A subsidiary ledger is

 

used in place of the general ledger if the general ledger is destroyed or stolen.

a group of accounts with a common characteristic that provides detailed information about a control account in the general ledger.

used to post excess transactions if a general ledger account becomes full during an accounting period.

a group of accounts used by branches and subsidiaries of a corporate business.

 

Question 2

Evidence that the monthly posting of the sales journal total has been accomplished is indicated by

 

inspecting the postings in the accounts payable subsidiary ledger.

the general ledger account numbers under the double-lined total.

a signature of the accountant doing the posting.

a date under the double-line total.

 

Question 3

The entries recorded in the Other Accounts column of a cash payments journal

 

are posted individually to accounts in the general ledger.

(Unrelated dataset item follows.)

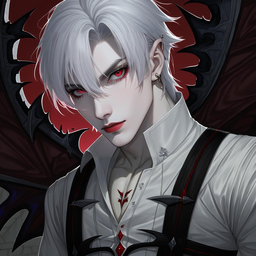 Astarion, baldur's gate, 1boy, red eyes, short hair, white hair, grey hair, white shirt, vampire, elf, by artist sakiryo kanna, anime

are not posted individually but are posted as a column total to the general ledger.

do not require posting.

are posted to the accounts payable subsidiary ledger daily.

 

Question 4

Adjusting entries are recorded

 

in the special journals.

only on the worksheet.

in the general journal.

only in the general ledger.

 

Question 5

If merchandise from a cash sale is returned by a customer for a refund, the sales return is recorded in the

 

cash receipts journal.

general journal.

cash payments journal.

sales journal.

 

Question 6

A subsidiary ledger frees the general ledger from details of

 

the control account.

internal transactions.

individual balances.

external transactions.

 

Question 7

Debit postings to the individual accounts in an accounts receivable subsidiary ledger generally come from the

 

purchases journal.

cash payments journal.

sales journal.

cash receipts journal.

 

Question 8

The use of special journals to record transactions

 

should only be used if the volume of transactions is small

eliminates the need for a general ledger.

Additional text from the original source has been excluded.